[Opening Dataset content section]

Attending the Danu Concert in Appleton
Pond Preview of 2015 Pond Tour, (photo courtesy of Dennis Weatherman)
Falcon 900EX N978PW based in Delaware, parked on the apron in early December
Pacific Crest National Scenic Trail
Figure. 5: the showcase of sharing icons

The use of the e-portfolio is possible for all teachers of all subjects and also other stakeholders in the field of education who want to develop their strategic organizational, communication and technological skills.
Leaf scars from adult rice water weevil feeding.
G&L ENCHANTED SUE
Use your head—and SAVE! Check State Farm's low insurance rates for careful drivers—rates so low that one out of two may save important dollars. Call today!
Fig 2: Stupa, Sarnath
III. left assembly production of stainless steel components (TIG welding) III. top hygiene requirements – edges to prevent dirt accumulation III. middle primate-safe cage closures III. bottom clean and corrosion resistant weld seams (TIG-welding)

[Closing Dataset content section]
[Opening Dataset content section]

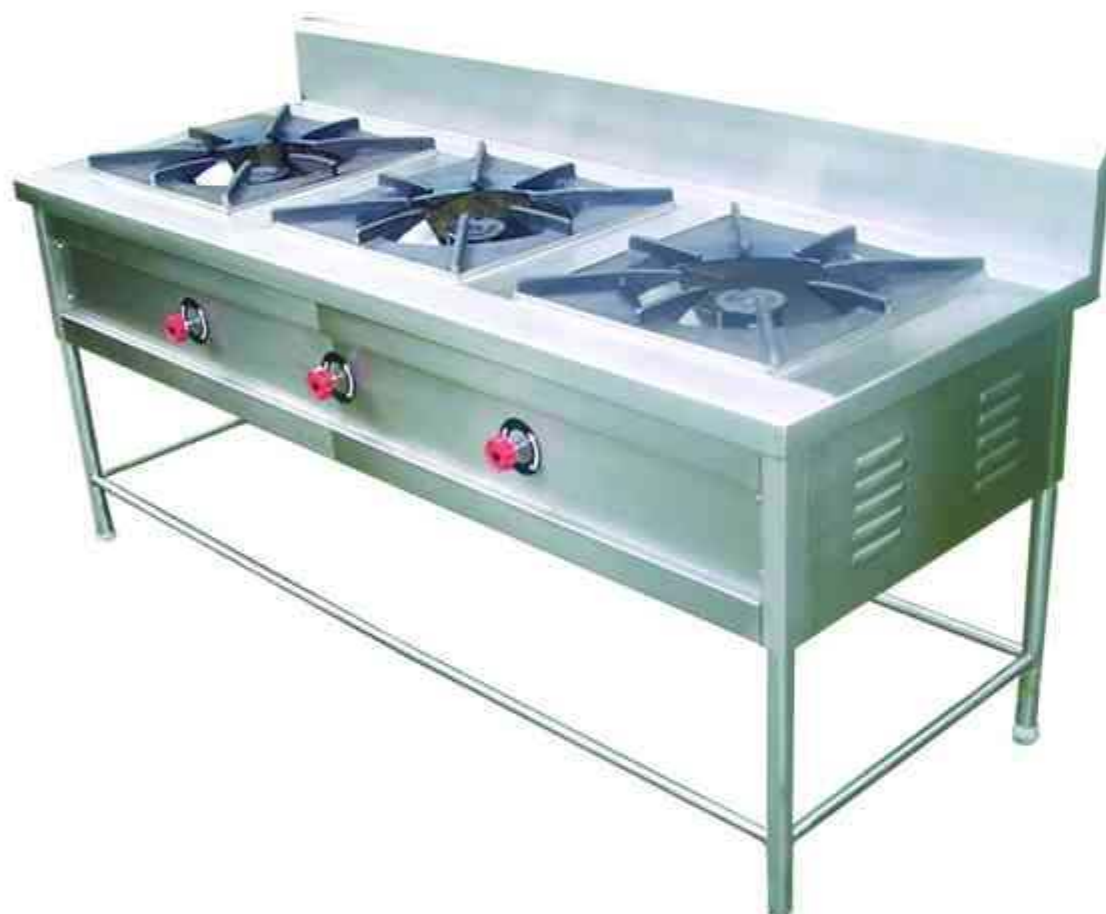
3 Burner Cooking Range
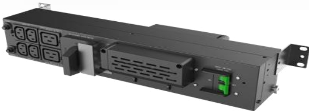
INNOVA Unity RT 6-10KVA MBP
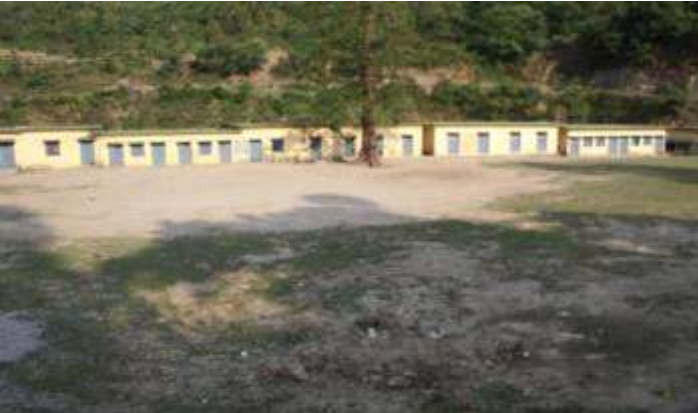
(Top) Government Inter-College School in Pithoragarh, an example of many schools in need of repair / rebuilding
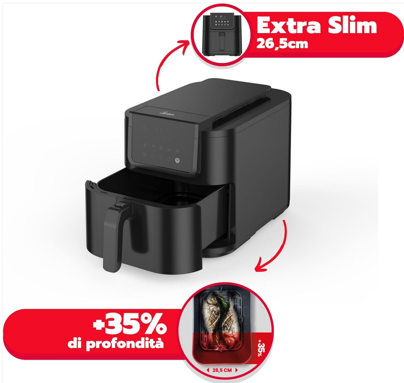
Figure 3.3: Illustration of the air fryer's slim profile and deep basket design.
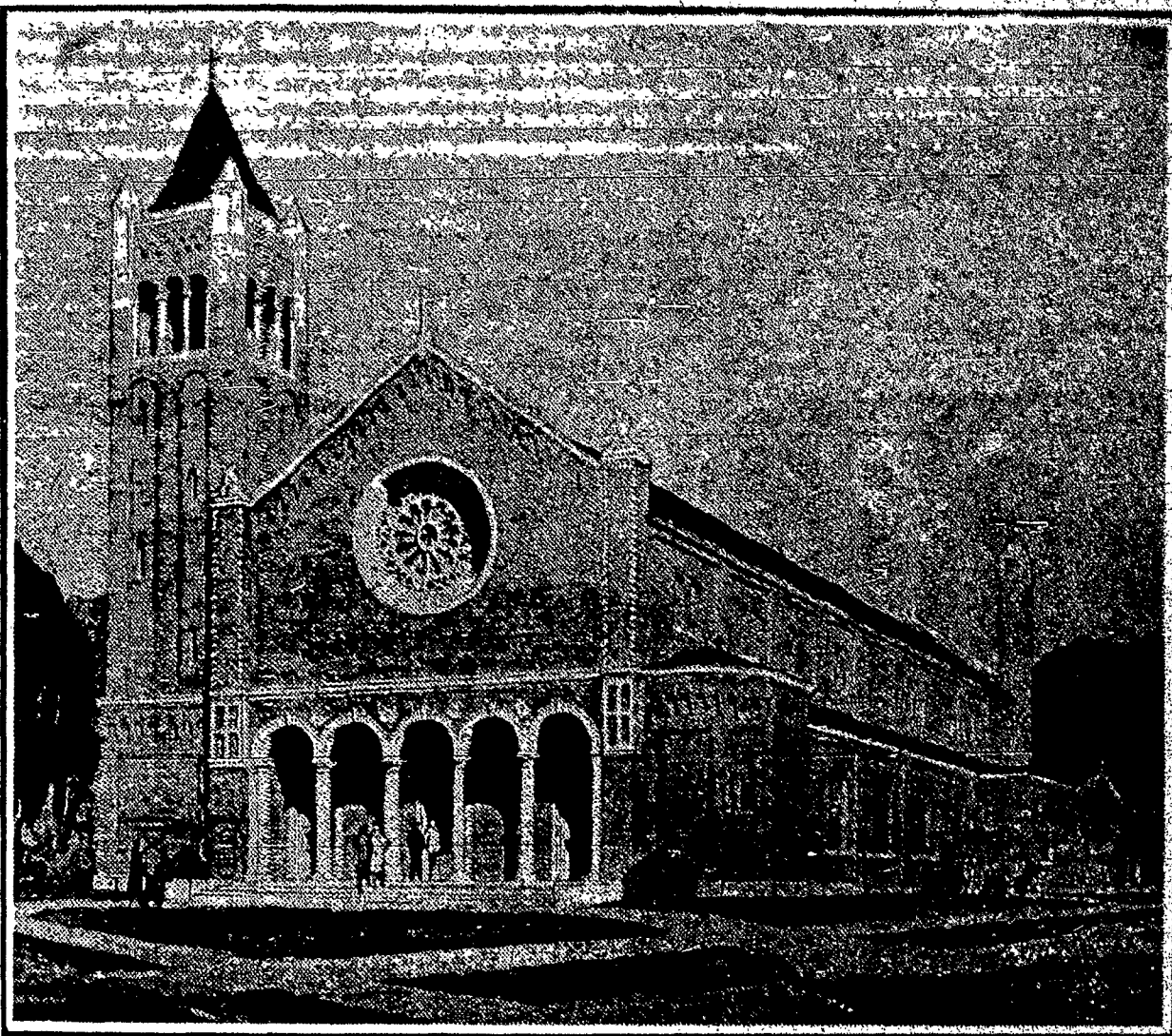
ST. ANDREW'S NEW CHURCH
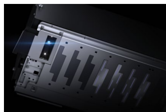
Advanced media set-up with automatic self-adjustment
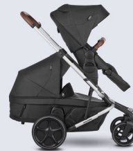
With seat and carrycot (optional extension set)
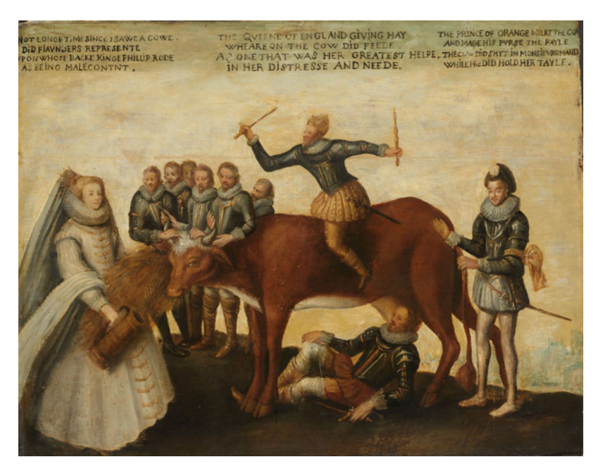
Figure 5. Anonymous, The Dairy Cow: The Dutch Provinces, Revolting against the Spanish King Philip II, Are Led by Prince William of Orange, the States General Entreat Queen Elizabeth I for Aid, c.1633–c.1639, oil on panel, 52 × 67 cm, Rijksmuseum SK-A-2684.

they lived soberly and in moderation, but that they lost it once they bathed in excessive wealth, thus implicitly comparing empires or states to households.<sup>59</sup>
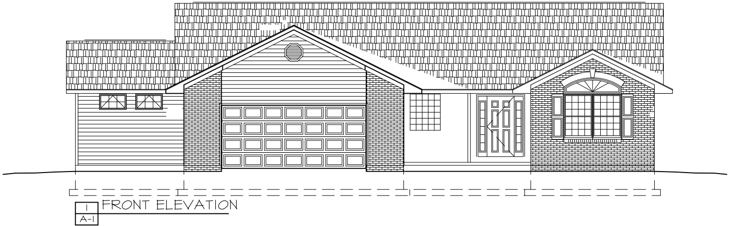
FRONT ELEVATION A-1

[Closing Dataset content section]

* What the exercise asks
Once you have checked the entries above, say how many lines include the word "Figure", and nothing beyond the number.

* Exercise result
3